What you guys and gals think??? Do you have it??? Had it?? Experience overall??? :dunno:


----------



## DallasGolfer (Apr 20, 2006)

*Brush T*

PRGolfer,
I use the newest Yellow colored Brush T with my Nike SQ driver.

It works very well for me, but do I get extra distance because of it?

I don't know. 

I don't get the marks on bottom and face of my driver that the wood t 
gives.

I don't have lots of Ts in my bag.

I have tried the others for my woods, but do not use them.

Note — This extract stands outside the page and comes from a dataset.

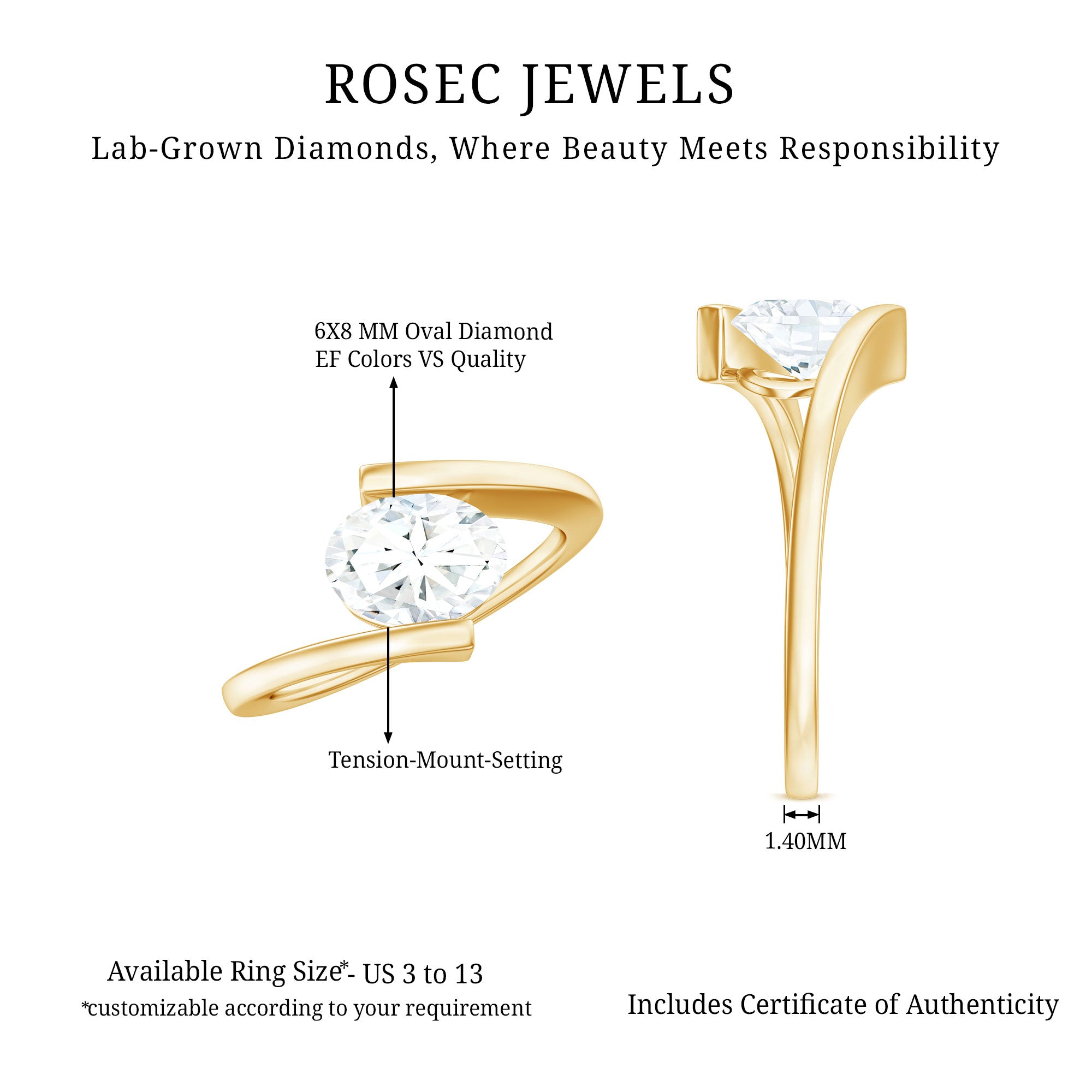Simple Oval Shape Lab Grown Diamond Solitaire Bypass Ring

Do not use your irons with them, because they will break the plastic.


----------



## PRGolfer (Apr 18, 2006)

DallasGolfer said:


> PRGolfer,
> I use the newest Yellow colored Brush T with my Nike SQ driver.
> 
> It works very well for me, but do I get extra distance because of it?
> ...



Great info, Thanks!!! :thumbsup:


----------



## Homeless (May 12, 2006)

I wanted to try these aswell. I saw the yellow ones in a golf store, but I assumed that they were just for woods. They looked like they might tee the ball a little high for my liking with irons. I thought the exact same thing about using them to avoid white tee marks on the bottom of my clubs.


----------



## Prea (May 11, 2006)

I use them and they are a good tee, the only thing that i dont like them is if you hit the plastic part that holds the brushes in, the ball doesnt sit right.

Get em.


----------



## dblcorona (May 16, 2006)

I haven't used them, But I bought them for my dad and he loves them. He feels he comes off the tee much smoother.


----------